Pasted below is the article that got printed in the Sunday TOI. Its about how a hooligan has shamelessly addressed leaders, dignified citizens, rivals, etc. I am amazed by the 'cheapest standard of language' and the thought process this man uses to cite examples. Sadly, Mr. Thackeray, who has no job but to stand and deliver the rioting orders in Mumbai (no i m not joking...he targeted South Indians in 1966, Muslims in 1992, and now North Indians in 2008), has once again raised the question of Impotent Law n Order situation in the state. Guys, please please please read and comment over this issue.
BAD LANGUAGE
A Brief History of Thackeray’s Rants
Once again, Bal Thackeray has used Shiv Sena mouthpiece, Saamna, to abuse. This time the Biharis. Jyoti Punwani remembers other instances
You need a mouthwash after reading Bal Thackeray’s writings. Look at how Bihari MPs are frothing at the mouth after just one salvo. (Thackeray had said in Saamna that Biharis are a burden to the country). In the past, Muslims, Communists (invariably referred to as ‘red monkeys’), his female political detractors, Marathi editors, and political rivals, have been at the receiving end of his polemics that is affectionately called by gushing reporters, ‘Thackeri bhasha’.
Once Thackeray wrote in his editorial, “If anyone were to sneeze against Thackeray (the reference is to himself), what else would these flies do except sit on the snot? When that ram (the animal and not the god) and that bundle of rags meet, the hybrid that is produced is....”

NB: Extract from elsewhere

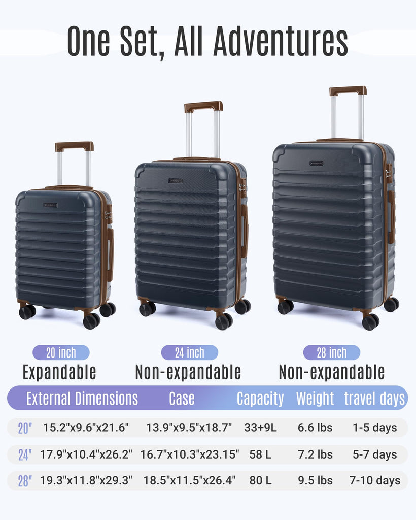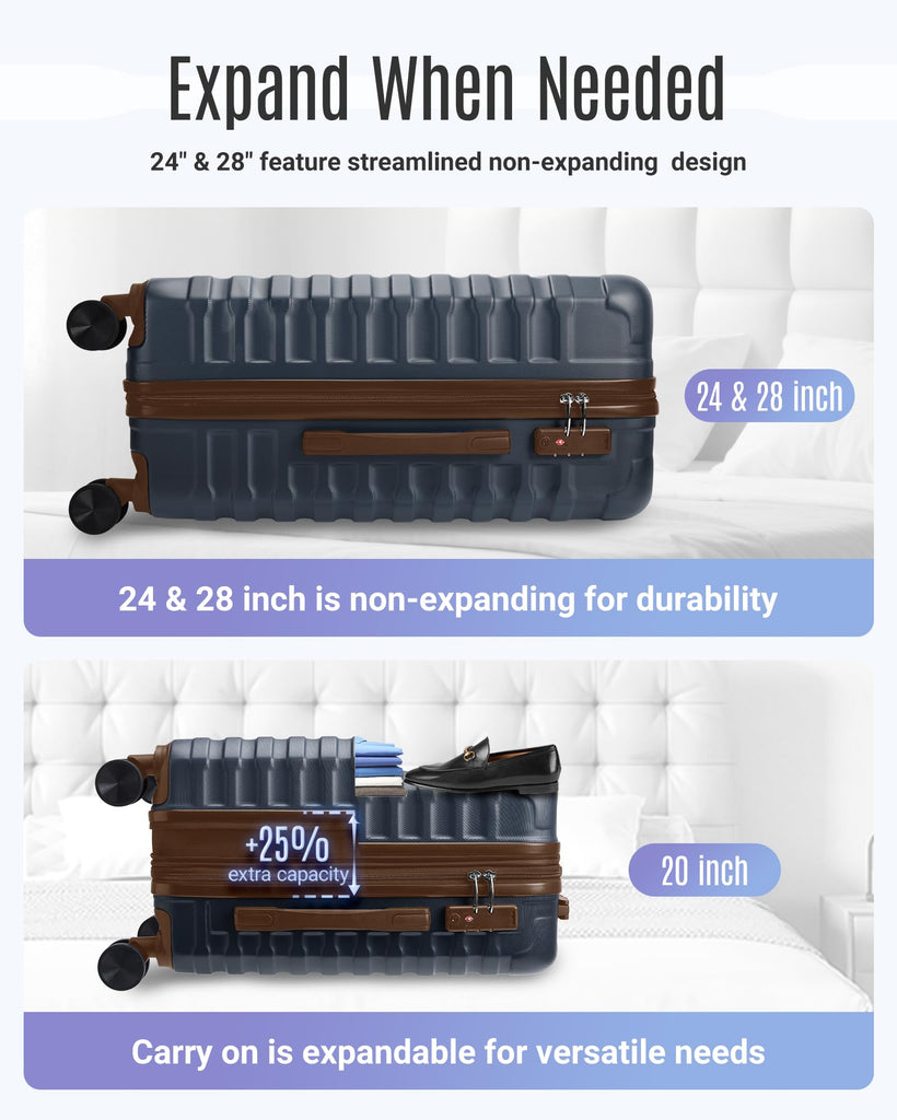 - Durable Construction: Crafted from high-quality ABS material, hard shell luggage sets offer exceptional durability while remaining lightweight. The textured surface not only enhances aesthetic appeal but also provides scratch resistance, ensuring luggage looks pristine after every journey. The 20 inch carry on luggage is airline approved and features a 25% expandable capacity, and the 24-inch and 28-inch suitcases are standard versions and do not offer an expandable feature. Capacity : 20" (42L, expandable), 24" (58L, non-expandable), 28"(80L, non-expandable)

The “bundle of rags” was a reference to Professor Pushpa Bhave, “ram” was former deputy chief minister of Maharashtra Chhagan Bhujbal, and “flies”, of course, referred to both. Bhave and Bhujbal were the most visible supporters of Shiela Kini, the Dadar housewife who had implicated Raj Thackeray in the death of her husband, Ramesh Kini, a tenant who refused to vacate his flat in 1996.
When a CBI inquiry was ordered into the affair, Thackeray said in a front page interview to Saamna, “The matter has become cold now. It’s like when you pee, bubbles rise up to the surface in the pot; those bubbles have died down now. Whether they pee again or not is a question to be looked at later.”
Bhave has also been described by him as “that stale naankatai (biscuit)”. Thackeray usually reserves his most vulgar abuses for women. In one edit, he described Mrinal Gore and Ahilya Rangnekar, Mumbai's oldest Leftist leaders, as women whose menstrual rags had long dried in the sun. Reportedly, his crude imitation of Sonia Gandhi at election rallies in 1999, and his repeated references to her honeymooning with Rajiv Gandhi when the country was being attacked by Pakistan in 1971, put off voters and was seen as one of the factors that prevented his return as the self-proclaimed “remote control” of Maharashtra.
Vying with women as targets are of course Muslims, whom he routinely describes as fanatics, traitors, and Pakistani agents who set up mini-Pakistans wherever they go. In their lanes, he has said, streams of poison and treason flow, and that their masjids are storehouses for illegal arms. Sometimes he qualifies that he is not opposed to all Muslims, only the antinational ones. But when he constantly prefaces, or even replaces, the word ‘Muslim’ with traitor, one can be forgiven for equating the two.
Way back in 1989, this reporter was a witness to Thackeray addressing the well-heeled members of the Rotary Club at the Taj Mahal Hotel. Devoting most of his 45-minute speech to “those people” (Muslims), he described them as “green serpents”. Amid titters from the audience, he described Muslim hardliner Syed Shahabuddin a “green rat” and a “bandicoot who should be put into the dustbin.” And also, a “poker” (Shahabuddin had called him a “joker”) because he poked his nose into other people’s affairs. Thackeray has also abused Congress politicians as dogs. He said that they attended iftaar parties wearing fez caps, stood in Mumbai’s Muslim dominated Bhendi Bazaar or in the Parliament wearing green burqas or waving green handkerchiefs, and would even gladly get themselves circumcised to please Muslims.
Marathi editors are also Thackeray’s bugbear. He once wrote that one of them would visit his mistress in Mumbai’s red light area every night, get drunk and be taken home in the morning by his relative.
The question now is: how seriously should one take these rantings? Given the fact that Saamna’s readership runs into thousands, and that Mumbai’s cops are its diehard readers, what Thackeray writes needs to be taken seriously indeed—by the government. Saamna was at least one major reason for the widespread support Shiv Sainiks enjoyed in the ’92-’93 riots.
But if any one agency has chosen to show benevolent apathy towards Saamna, it has been the Congress. When forced to take note, there’s always the elusive “expert legal opinion” that must be consulted. Vijay Tendulkar, Nikhil Wagle, Pushpa Bhave, Mrinal Gore, G R Khairnar, Manimala—the list of intellectuals attacked by Shiv Sainiks is long and illustrious. The government did nothing to protect them, nor to punish their assailant.